The time needed to manufacture the cells (or to ship the pheresis product to a specialized center) is another significant limitation to the delivery of CART cell therapy. Patients with active disease need to be able to wait for few weeks and might require some form of active therapy to prevent disease progression in the meantime. Furthermore, the inclusion of only patients whose disease can be stabilized while CART cells are manufactured may result in a selection bias in these clinical trials; this could be remedied by reporting results as intention-to-treat rather than per-protocol assessments.

Toxicities

Almost all patients treated with CART19 developed B cell aplasia, an expected on-target off-tumor toxicity. These patients are typically managed with replacement intravenous immunoglobulin therapy. ^13–16 Several unique toxicities following CART cell therapy have emerged and continue to present diagnostic and management challenges.
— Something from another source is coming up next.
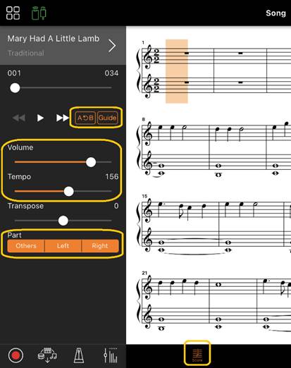 Du kan øve dig mere effektivt ved at bruge de funktioner, der er beskrevet i dette afsnit. Hvis du vil bruge disse funktioner, skal du vælge den melodi, du vil øve, og derefter trykke på [Score] nederst i Song-displayet for at få vist melodien.

These toxicities include; CRS, macrophage activation syndrome (MAS), and neurotoxicity. ^{13, 14, 16, 17, 83} A novel observation after CART cell therapy across several clinical trials is the development of the CRS; a syndrome characterized by high grade fevers, hypotension, capillary leak, and respiratory distress that can be life threatening. CRS is usually accompanied by the MAS, which is characterized by clinical and biochemical findings of hemophagocytic lymphohistiocytosis (fevers, pancytopenia, splenomegaly, hemophagocytosis and extreme elevations of ferritin and C-reactive protein). The development of CRS strongly correlates with response rates.^13–15

At the University of Pennsylvania/CHOP trial, 48 of the 53 pediatric ALL patients treated with CART19 developed some degree of CRS.⁵⁹ It was also noted that severe CRS began earlier than mild CRS (median onset is 1 vs 4 days after CART cell infusion). Similarly, the NCI reported CRS in 15 of the 20 children treated with CART19, with a median onset of 4 days.¹⁵ In adults, severe CRS was observed in 11 of the 46 adults treated with CART19 at MSKCC⁵⁸ (three patients had refractory grade 5 CRS) and in 11 of 12 adult ALL treated at the University of Pennsylvania (3 developed refractory CRS despite treatment and died in the context of refractory concomitant infections). These patients with severe CRS in both the MSKCC and University of Pennsylvania trials had higher disease burden and received higher cell dose compared to other patients that developed CRS.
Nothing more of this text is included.